The Most Important Reason to Transform Your Suffering

If you don’t transform it, you will transmit it!

Books | compassion | suffering
Reading Time: 3 minutes

We are just one week away from the United States release of Love and Suffering: A Spiritual Guide for Helpers, Healers, and Humans.

The message of the book is simple: we must learn to face, embrace, feel, and transform our suffering. Only by uniting love and suffering with the practice of compassion will the world finally know peace.

Suffering is at the heart of the human condition, and we must give up endlessly and fruitlessly trying to eradicate it from our lives. Rather, we can love suffering the way we would a child having a tantrum: by holding it, learning what happened to cause the emotional turbulence, and letting the storm pass, as all storms do.

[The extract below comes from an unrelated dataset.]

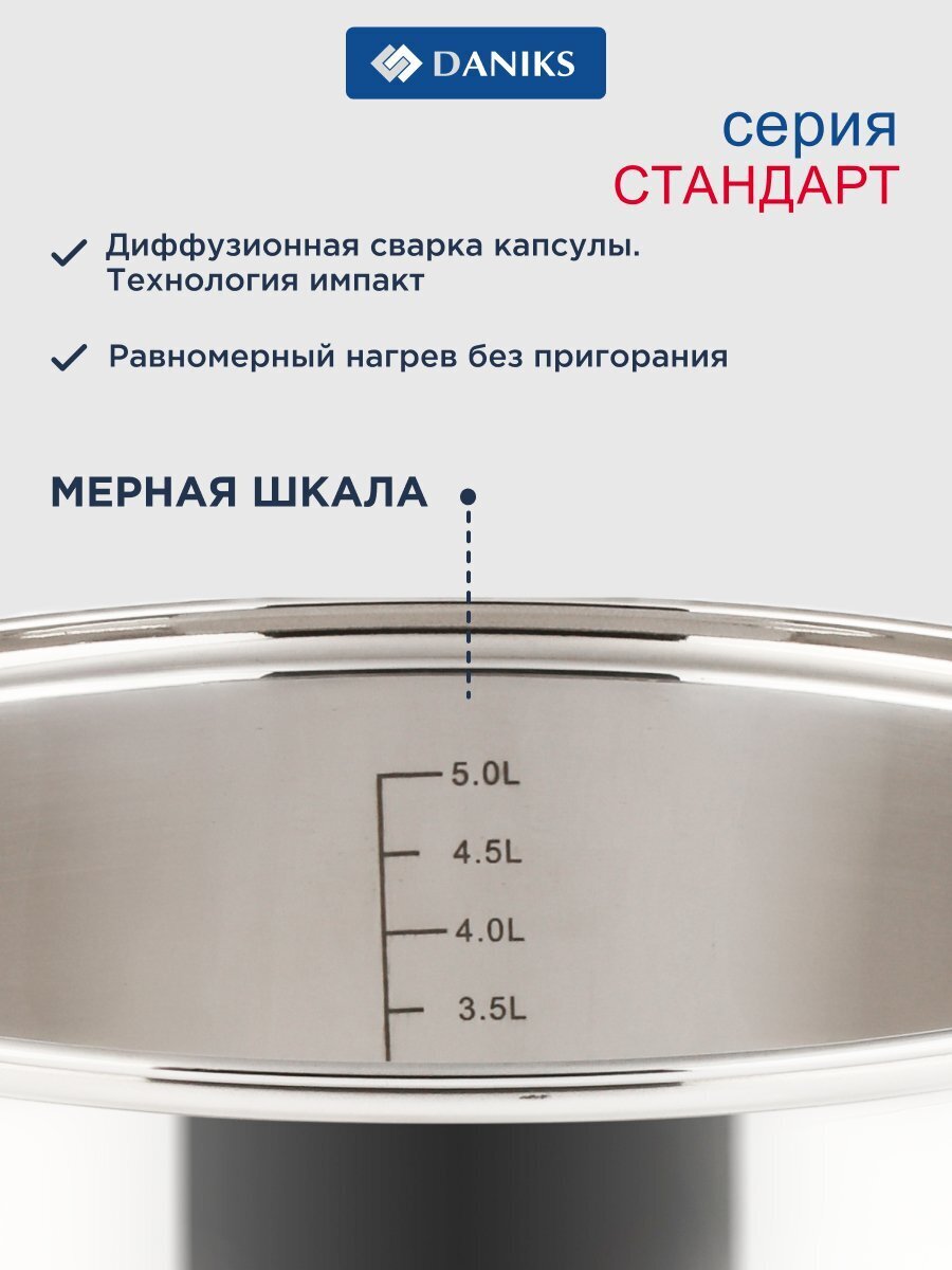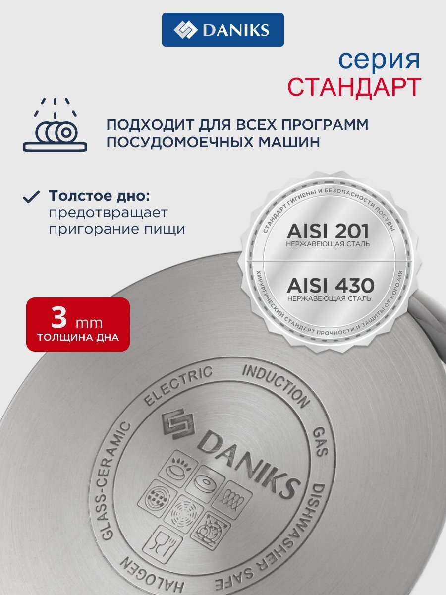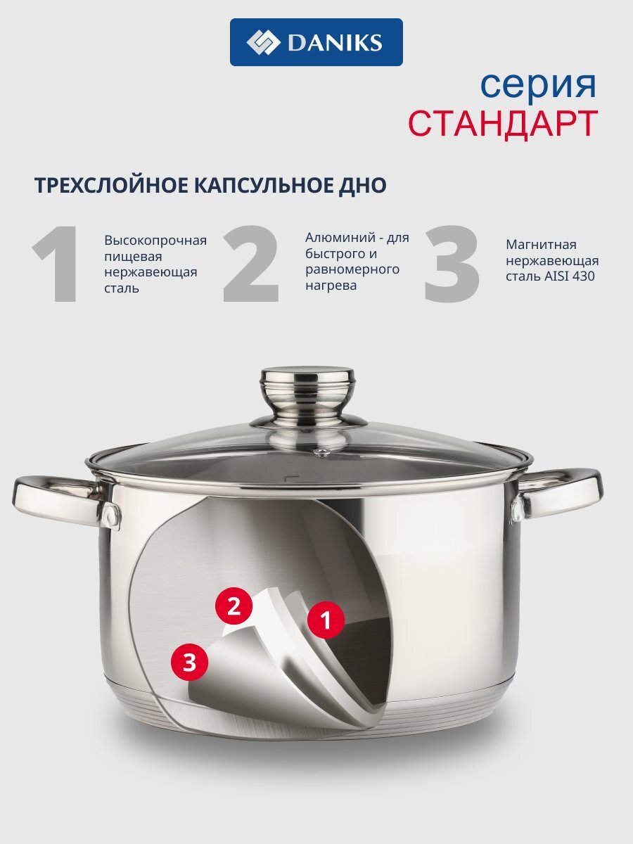 Набор посуды Daniks Стандарт PR — это оптимальный выбор для тех, кто ищет, какую посуду купить для индукционной плиты или как выбрать кастрюли для дома и дачи. Все кастрюли изготовлены из устойчивой к коррозии нержавеющей стали, что обеспечивает долгий срок службы и простоту ухода. Прозрачные крышки из закалённого стекла позволяют контролировать процесс приготовления без потери тепла и пара.

I cover many reasons in the book for why we should transform our suffering. Suffering is an opportunity for growth. Suffering is a messenger. Suffering is a gateway to compassion. The label of suffering as “bad” is a symptom of dualistic thinking and not a reflection of reality as it is. Transcend good and bad and you will transcend the illusion of suffering.

But if I were to focus on one reason, the most important reason of all, to transform our suffering, it is this: If you don’t transform your suffering, you will transmit it.

If you aren’t able to hold your own pain, you will unconsciously spread it and give it to anyone and everyone around you. Your partner, your family, your children, and your children’s children will all take on the suffering that you refuse to face.

This is the lesson of endless wars and violence we see in society: in order to create peace in this world, you must first create peace in yourself. This is the lesson of intergenerational trauma: you can stop it. You can short-circuit the cycles that kept your ancestors stuck in anger and pain.

Transforming your suffering now also prevents you from transmitting it back to your future self! Just like the little pain to fix a dental cavity to prevent a larger pain in the future, meeting your suffering now will prevent much more intense suffering in the future.

There’s a funny story I originally heard from Anthony De Mello that goes like this:

A man is sitting on a train with a suitcase in his lap. Another man sits down next to him and asks, “What is it you got there in your bag?”

The man replies, “I have an unexploded bomb here, and I’m taking it to the police station.”

“Good god!” the second man replies, “An unexploded bomb! Dear God! Don’t put it on your lap. Quick, put it under your seat!”

The moral of the story is this: we think we can repress and suppress dangerous thoughts, emotions, and beliefs, but that doesn’t remove their power to destroy us. As any psychologist will tell you, repression and denial only work in the short term. In the long term, repression causes a lot of suffering.

Buried feelings never die. Denying suffering only makes it stronger. Fighting the monster only makes it angrier. We must transform our suffering by learning to love it and embrace it. We must find the courage to face the darkness to transform it into the light.

We must understand the nature of suffering to lessen its burden on ourselves and others. A doctor must understand the nature of an illness to help their patient. A therapist must understand mental suffering in order to help their patient. By looking deeply at our own hatred, anger, and propensity for violence, we gain a greater ability to create peace. This will cure the world.

So this is one of the most important lessons of suffering: if you don’t transform it, you will transmit it. For the good of others, your children, and the world, learn to face the necessary suffering of life and find true freedom on the other side. The only way out is through.